I see [SaP] as an integrated approach to learning. A student has equal voice to an academic. There’s no hierarchy… a student has the same rights to question an academic about their practice and teaching, just as an academic has the right to question a student on their work. (Dan, student, male)

While Dan framed this around equality between teachers and students, Yasmin saw SaP as a way of questioning the traditional teacher-student relationship within the wider context of change in higher education:

So it’s a new idea that’s wanting to change the way the relationship between students and academics functions … Realising it’s not a one-way where the lecturer gives information, but it’s a really nice exchange between students and academics… it’s encompassing the fact that universities are changing; it’s a good change. (Yasmin, student and staff (professional), female)

Participants felt that SaP granted individuals the ability to operate beyond the confines of their predefined roles so they can relate to each other in new ways.

Reacting to neoliberal agendas

The belief that universities embrace a consumer model that fosters transactional interactions between students and staff emerged. While students and staff both spoke to this issue, staff interviewees explained that the neoliberal approach framed universities as businesses, education as a product, and students as passive consumers. This was described as problematic because it reduced the teaching and learning experience to a transactional relationship, limited the capacity of students to take responsibility for their own learning, and undervalued or ignored collaborative student-staff partnerships. Nancy emphasises the passive identity of ‘consumers’:

If you position yourself as a consumer, you defer responsibility… When you see yourself as a consumer … everything is someone else’s fault. (Nancy, staff (academic in discipline), female)

SaP was seen as a counter-narrative to the consumer model, as it provided a shared and collaborative space where students and staff together could contribute to the planning and development of teaching and learning practices—sharing responsibility for those. Nicole notes within her group a shift in thinking from a neoliberal framework to one that aims to foster equitable and reciprocal relationships:

Within the [project] group … there is more understanding of what it means to have students as partners in learning and teaching. I’ve seen that with the two associate deans from the academic faculties … In the beginning … they’re all advocates of students. But they were still thinking about using students as consumers … now they understand, when we say ‘using students as partners’… it’s about co-designers, co-developers, co-thinkers in a program. (Nicole, staff (academic in central T&L unit), female)

Making space for mutually beneficial learning partnerships

SaP was grounded in a mutual learning model. Interviewees saw partnership as a way to create shared spaces for mutual growth, mutual learning, and relational modes wherein individuals could generate a shift in their identity and articulate themselves in new ways.

[Being a student partner] helped me recognise there isn’t necessarily this hierarchy between academics and students. I haven’t wanted to disagree with academics before, but this makes me feel safe to be able to say, well I do think this way or that way.
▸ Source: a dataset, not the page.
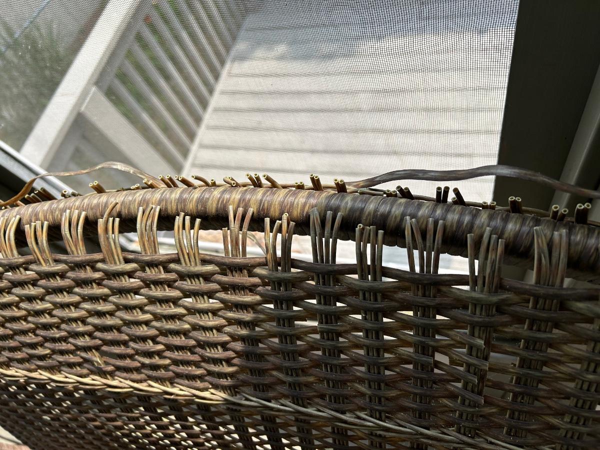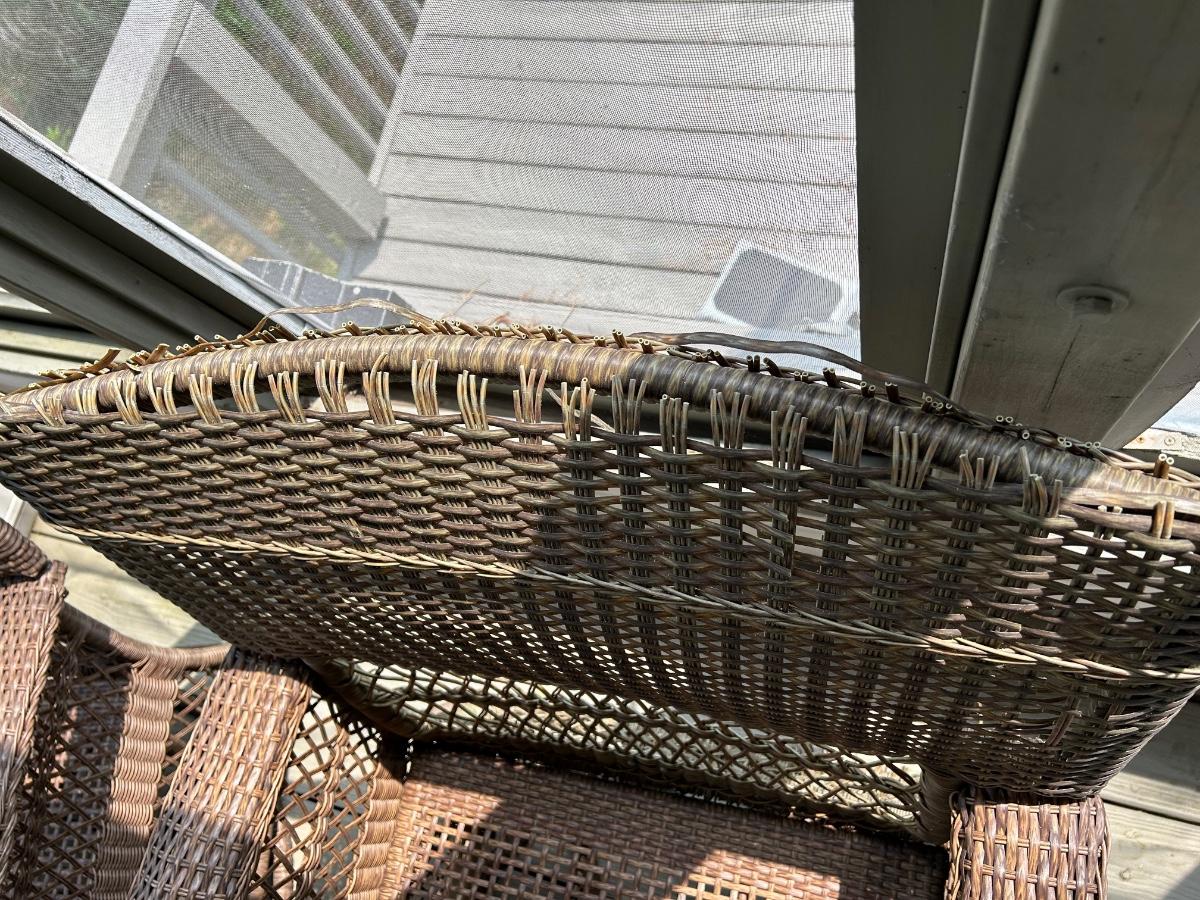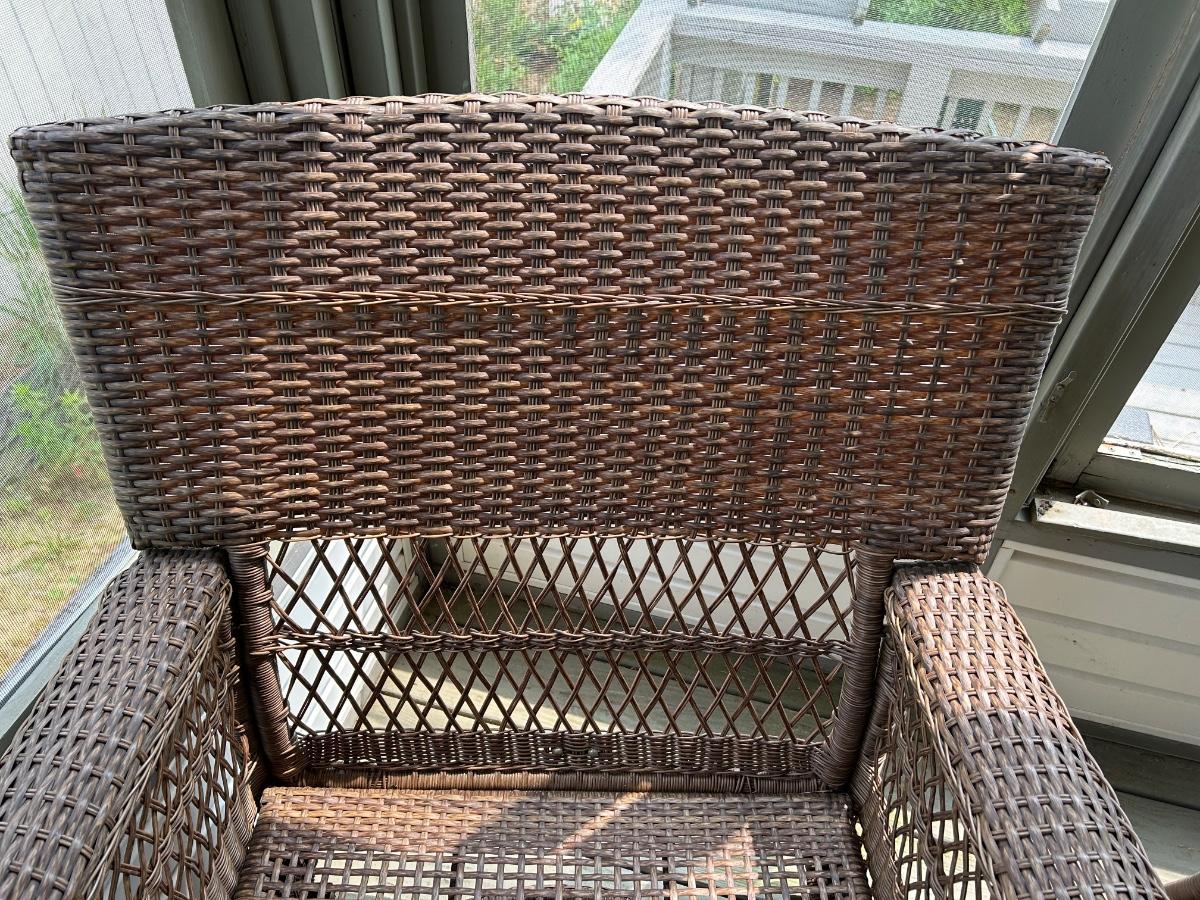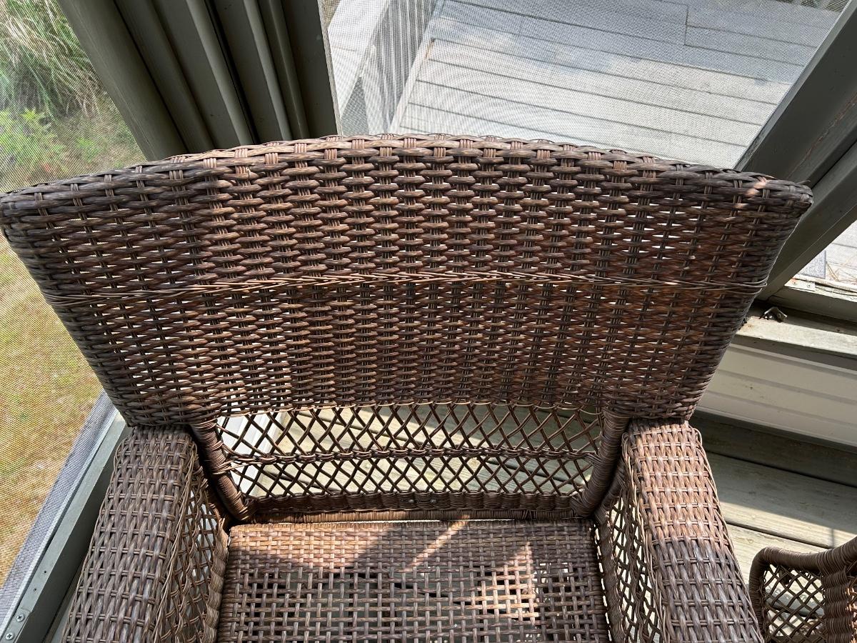Two plastic wicker swivel chairs. One chair is in good used condition, one chair shows wear from use. Photos show plastic starting to unravel on back of chair. Lot includes cushions. Chairs measure 31”x 35”.

So [SaP] does encourage that reciprocal honesty. (Yasmin, student and staff (professional), female)

Yasmin is describing the development of agency and a progression towards a new ‘identity’ formed through participation in partnership. She explained that by working with academic staff without the restrictions that would normally be imposed by traditional models of teaching and learning, she was able to comfortably speak with them at what she felt was a more equal level.

SaP is meant to be a partnership… I think a lot of it relies on the staff member trusting the student. It all comes down to communication, and the student trusting the staff member. (Darcy, student, female)

For Darcy, mutual trust was the foundation of partnership. Her involvement in SaP enabled Darcy to cultivate a sense of identity by improving her ability to trust and relate to staff. In this way, SaP can become a collaborative space wherein individuals work together, beyond the confines of their institutional roles.

SaP as values-based practice

The consistency among both staff and students in conceptualising values (e.g., trust, respect, openness, reciprocity) as fundamental to partnership suggests that SaP has an ideological basis within the mutual learning model. Central to reciprocity was a sense of shared respect, trust, and recognition of the expertise and unique perspectives that students and staff bring to partnership.

Anything that involves students to me is not SaP. It has to be underpinned by the intention to take seriously what they contribute… There’s a balance in negotiation that needs to happen… I don’t see SaP as being a place where you do what students want, but rather where you negotiate together. (Indira, staff (academic in central T&L unit), female)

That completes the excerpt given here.